§ **Data under study**:
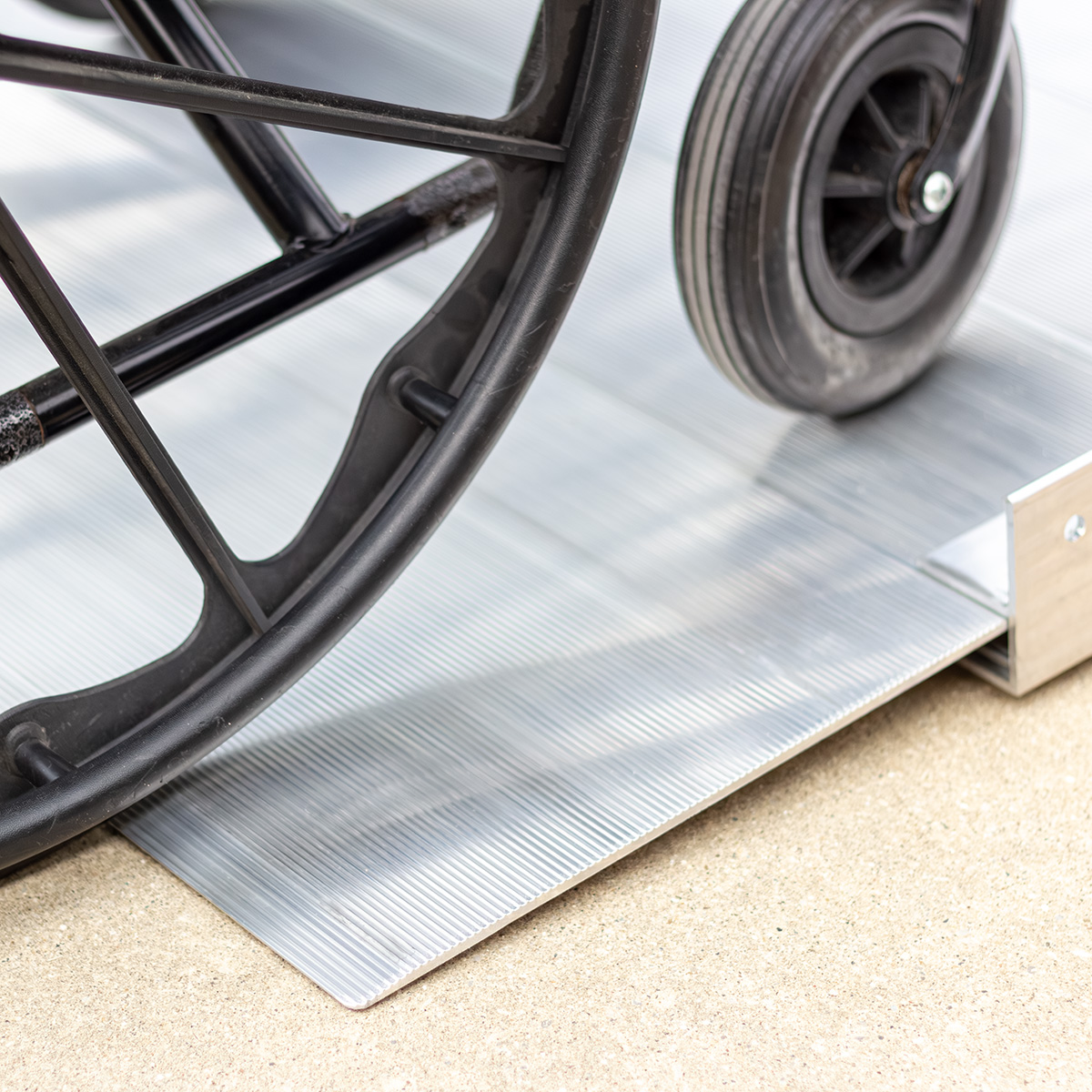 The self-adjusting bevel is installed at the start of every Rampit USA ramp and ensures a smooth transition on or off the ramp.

==

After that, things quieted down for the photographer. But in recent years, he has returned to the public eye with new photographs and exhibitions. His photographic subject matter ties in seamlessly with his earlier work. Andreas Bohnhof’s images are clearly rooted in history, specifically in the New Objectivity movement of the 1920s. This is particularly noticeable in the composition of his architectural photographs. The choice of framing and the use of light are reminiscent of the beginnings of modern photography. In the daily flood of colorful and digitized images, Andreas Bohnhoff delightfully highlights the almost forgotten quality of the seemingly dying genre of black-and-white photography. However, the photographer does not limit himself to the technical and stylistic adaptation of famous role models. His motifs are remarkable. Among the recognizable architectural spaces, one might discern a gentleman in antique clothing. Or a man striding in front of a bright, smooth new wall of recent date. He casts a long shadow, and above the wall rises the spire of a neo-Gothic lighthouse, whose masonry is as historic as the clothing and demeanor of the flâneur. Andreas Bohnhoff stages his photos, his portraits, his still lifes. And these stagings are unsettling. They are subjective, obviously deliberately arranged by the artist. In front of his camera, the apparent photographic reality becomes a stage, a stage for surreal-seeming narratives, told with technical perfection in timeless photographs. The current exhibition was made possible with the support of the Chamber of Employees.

* * *

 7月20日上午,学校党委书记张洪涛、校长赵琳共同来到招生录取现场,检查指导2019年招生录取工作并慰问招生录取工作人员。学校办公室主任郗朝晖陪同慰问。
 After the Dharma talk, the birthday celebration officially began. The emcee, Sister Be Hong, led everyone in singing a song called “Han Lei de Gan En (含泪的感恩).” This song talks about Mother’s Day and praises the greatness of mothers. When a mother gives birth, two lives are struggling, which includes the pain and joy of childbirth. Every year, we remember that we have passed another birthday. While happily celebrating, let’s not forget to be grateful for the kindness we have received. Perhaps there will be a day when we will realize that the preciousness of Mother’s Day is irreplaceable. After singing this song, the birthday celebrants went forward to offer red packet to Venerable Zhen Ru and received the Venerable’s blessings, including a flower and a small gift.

§ **Exercise goal**:
Your answer should be the exact lines above from the one with "7月20日上午,学校党委书记" through the one with "After the Dharma", both included, and nothing besides.

§ **Written answer**:
 7月20日上午,学校党委书记张洪涛、校长赵琳共同来到招生录取现场,检查指导2019年招生录取工作并慰问招生录取工作人员。学校办公室主任郗朝晖陪同慰问。
 After the Dharma talk, the birthday celebration officially began. The emcee, Sister Be Hong, led everyone in singing a song called “Han Lei de Gan En (含泪的感恩).” This song talks about Mother’s Day and praises the greatness of mothers. When a mother gives birth, two lives are struggling, which includes the pain and joy of childbirth. Every year, we remember that we have passed another birthday. While happily celebrating, let’s not forget to be grateful for the kindness we have received. Perhaps there will be a day when we will realize that the preciousness of Mother’s Day is irreplaceable. After singing this song, the birthday celebrants went forward to offer red packet to Venerable Zhen Ru and received the Venerable’s blessings, including a flower and a small gift.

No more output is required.